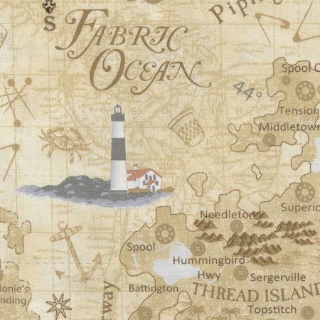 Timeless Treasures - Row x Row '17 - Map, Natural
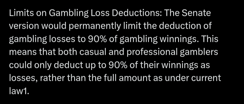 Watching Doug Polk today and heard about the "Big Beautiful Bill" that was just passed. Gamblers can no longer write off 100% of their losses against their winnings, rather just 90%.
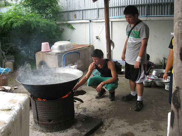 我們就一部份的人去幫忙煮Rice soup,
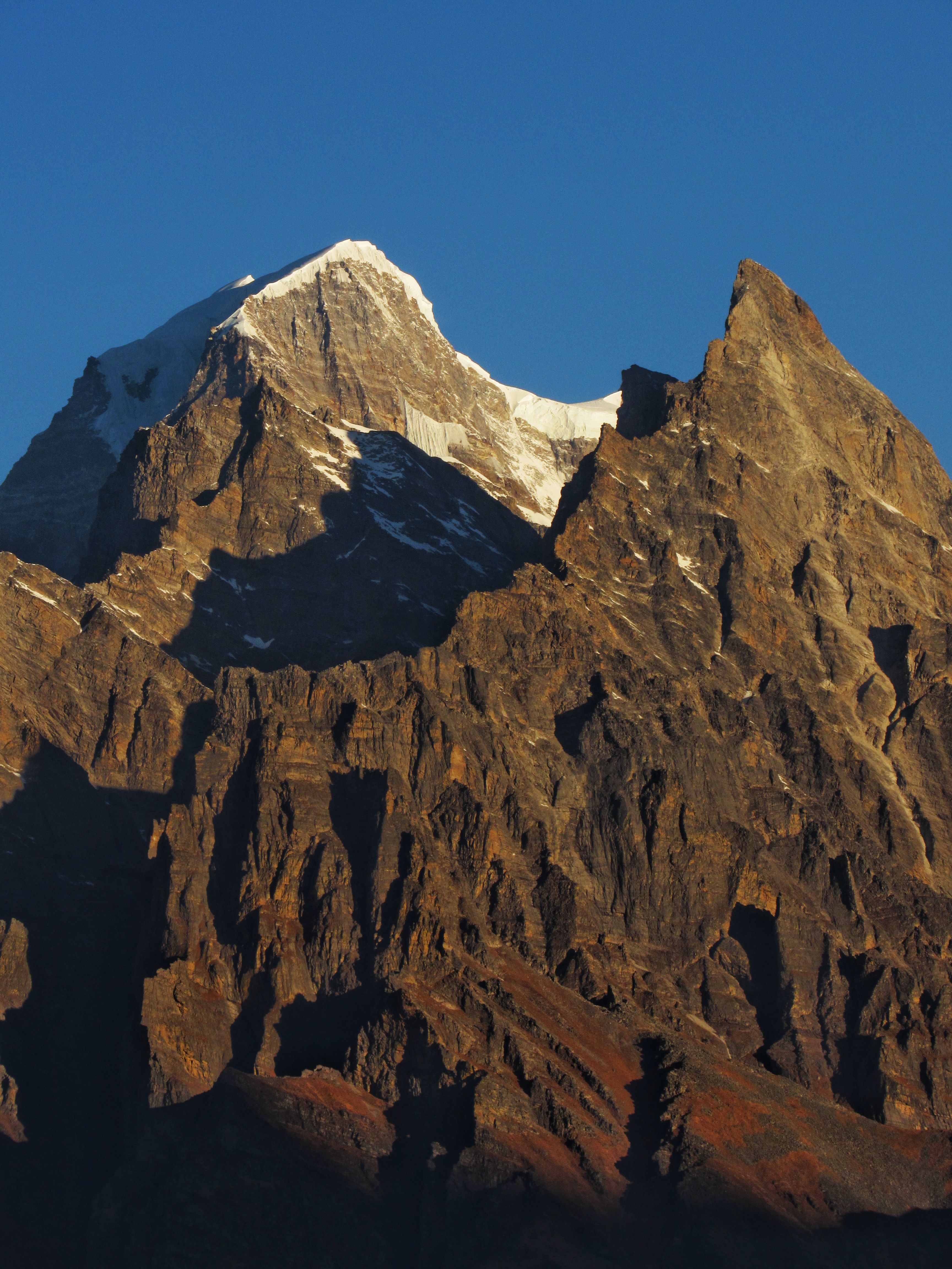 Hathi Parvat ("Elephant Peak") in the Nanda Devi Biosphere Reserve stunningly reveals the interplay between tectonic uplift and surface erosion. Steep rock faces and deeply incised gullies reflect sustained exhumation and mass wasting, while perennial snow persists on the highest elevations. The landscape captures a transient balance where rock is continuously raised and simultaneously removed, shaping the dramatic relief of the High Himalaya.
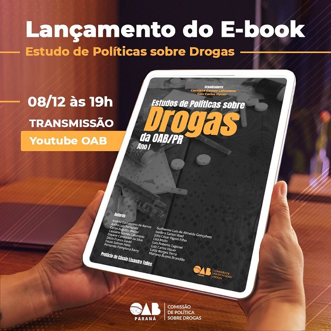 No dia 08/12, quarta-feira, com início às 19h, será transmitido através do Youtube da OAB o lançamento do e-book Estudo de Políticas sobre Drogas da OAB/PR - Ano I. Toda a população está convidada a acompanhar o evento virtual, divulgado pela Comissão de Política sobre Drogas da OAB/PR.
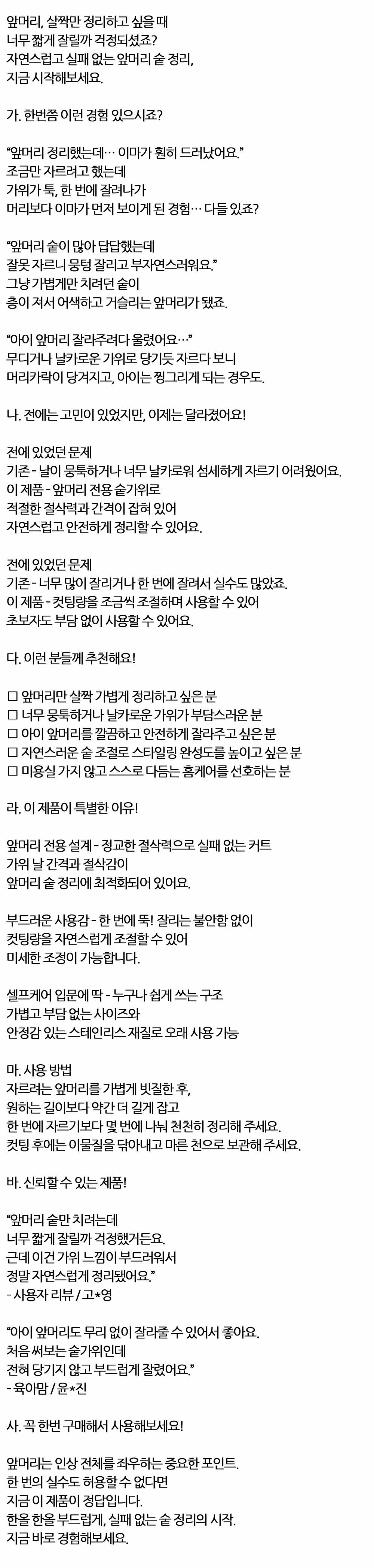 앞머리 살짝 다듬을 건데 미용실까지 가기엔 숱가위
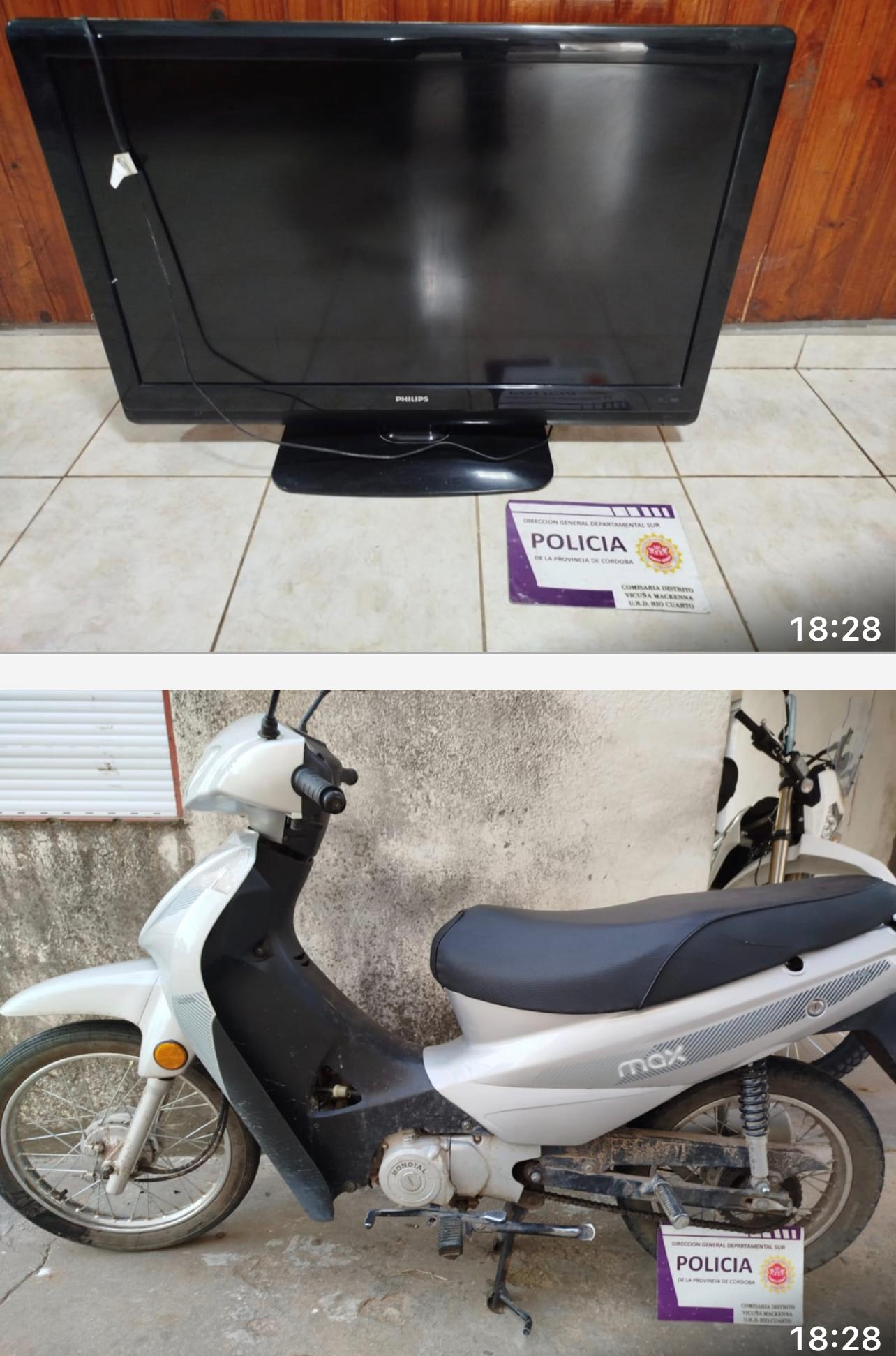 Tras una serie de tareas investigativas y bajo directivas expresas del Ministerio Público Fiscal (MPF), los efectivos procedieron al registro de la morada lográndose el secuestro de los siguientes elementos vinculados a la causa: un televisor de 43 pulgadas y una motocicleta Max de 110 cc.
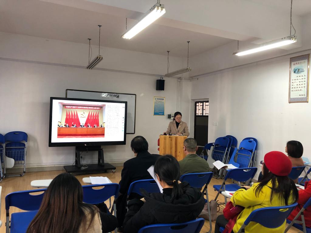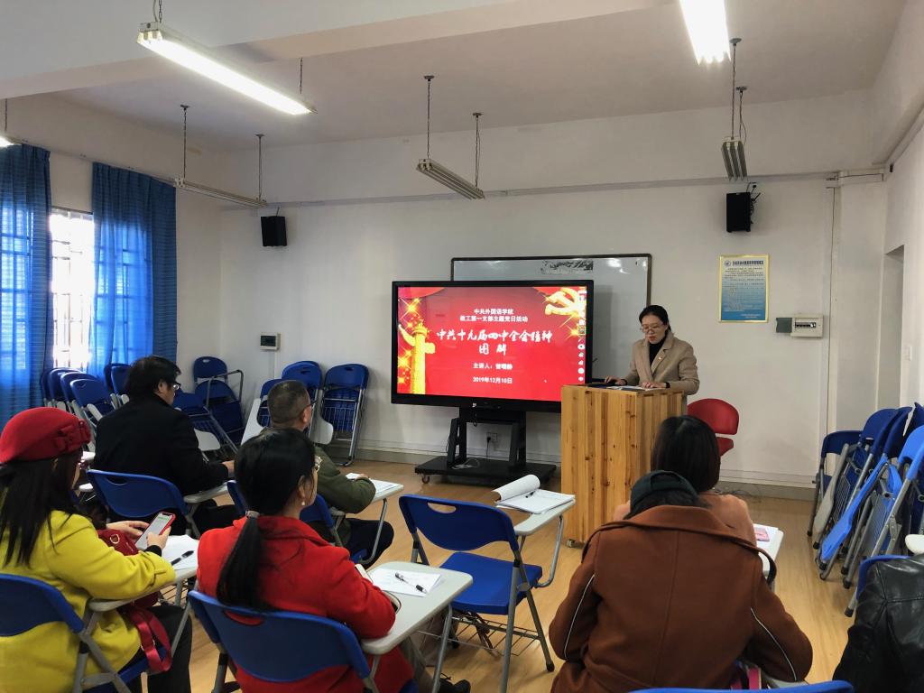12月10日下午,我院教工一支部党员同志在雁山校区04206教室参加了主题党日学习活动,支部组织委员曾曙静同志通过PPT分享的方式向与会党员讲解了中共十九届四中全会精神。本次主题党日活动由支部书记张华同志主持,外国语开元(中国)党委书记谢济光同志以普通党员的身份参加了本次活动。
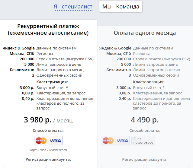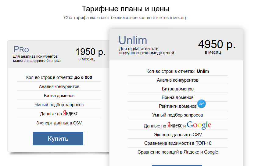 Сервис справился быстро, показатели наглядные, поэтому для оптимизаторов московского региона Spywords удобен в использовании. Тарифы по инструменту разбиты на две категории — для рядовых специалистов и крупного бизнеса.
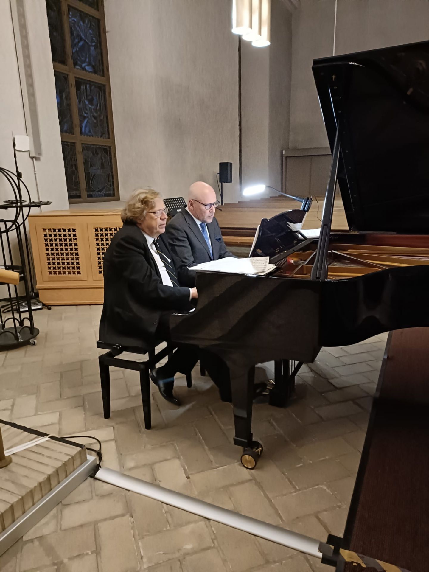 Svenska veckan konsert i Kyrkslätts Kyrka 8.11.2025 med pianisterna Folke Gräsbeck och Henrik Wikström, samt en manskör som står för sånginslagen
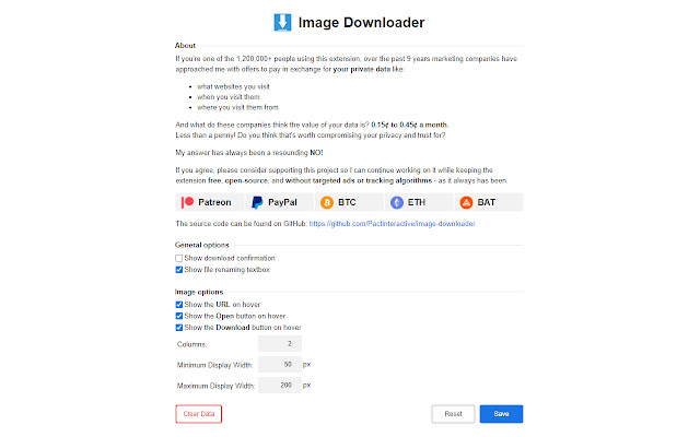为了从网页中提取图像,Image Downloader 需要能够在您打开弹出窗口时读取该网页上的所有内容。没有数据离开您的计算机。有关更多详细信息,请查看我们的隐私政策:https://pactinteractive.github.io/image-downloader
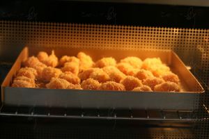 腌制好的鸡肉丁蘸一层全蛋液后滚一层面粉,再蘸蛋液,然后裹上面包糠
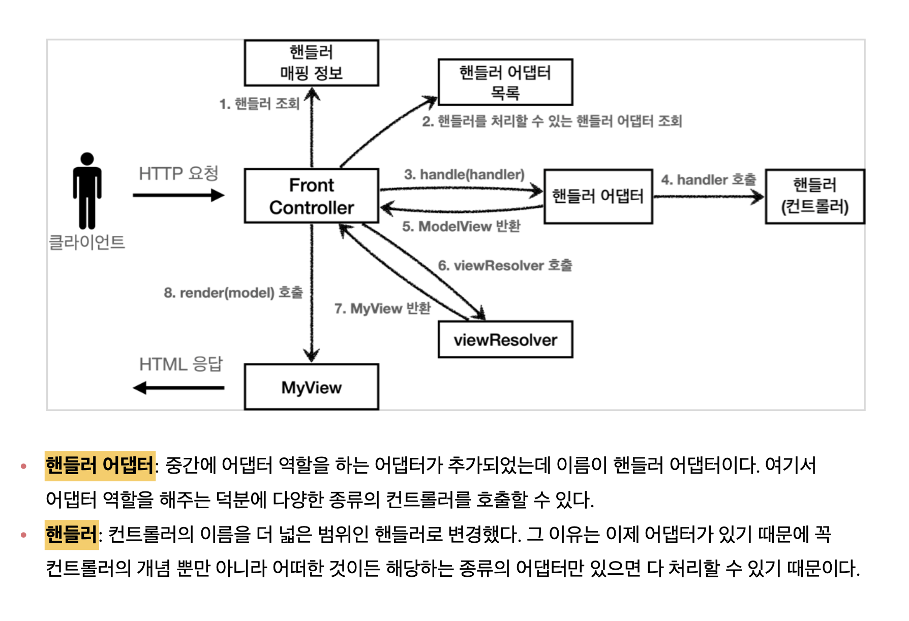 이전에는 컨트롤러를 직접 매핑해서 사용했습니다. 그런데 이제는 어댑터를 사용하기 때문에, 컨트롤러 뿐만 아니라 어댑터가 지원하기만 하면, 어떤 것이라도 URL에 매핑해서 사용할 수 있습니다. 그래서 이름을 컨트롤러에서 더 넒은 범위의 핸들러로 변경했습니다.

+---+

Brief -
In the listing above, find the line with "Сервис справился быстро, показатели" and the line with "腌制好的鸡肉丁蘸一层全蛋液后滚一层面粉,再蘸蛋液,然后裹上面包糠". Set down both and every line between them, minus the pictures.

Written answer -
 Сервис справился быстро, показатели наглядные, поэтому для оптимизаторов московского региона Spywords удобен в использовании. Тарифы по инструменту разбиты на две категории — для рядовых специалистов и крупного бизнеса.
 Svenska veckan konsert i Kyrkslätts Kyrka 8.11.2025 med pianisterna Folke Gräsbeck och Henrik Wikström, samt en manskör som står för sånginslagen
为了从网页中提取图像,Image Downloader 需要能够在您打开弹出窗口时读取该网页上的所有内容。没有数据离开您的计算机。有关更多详细信息,请查看我们的隐私政策:https://pactinteractive.github.io/image-downloader
 腌制好的鸡肉丁蘸一层全蛋液后滚一层面粉,再蘸蛋液,然后裹上面包糠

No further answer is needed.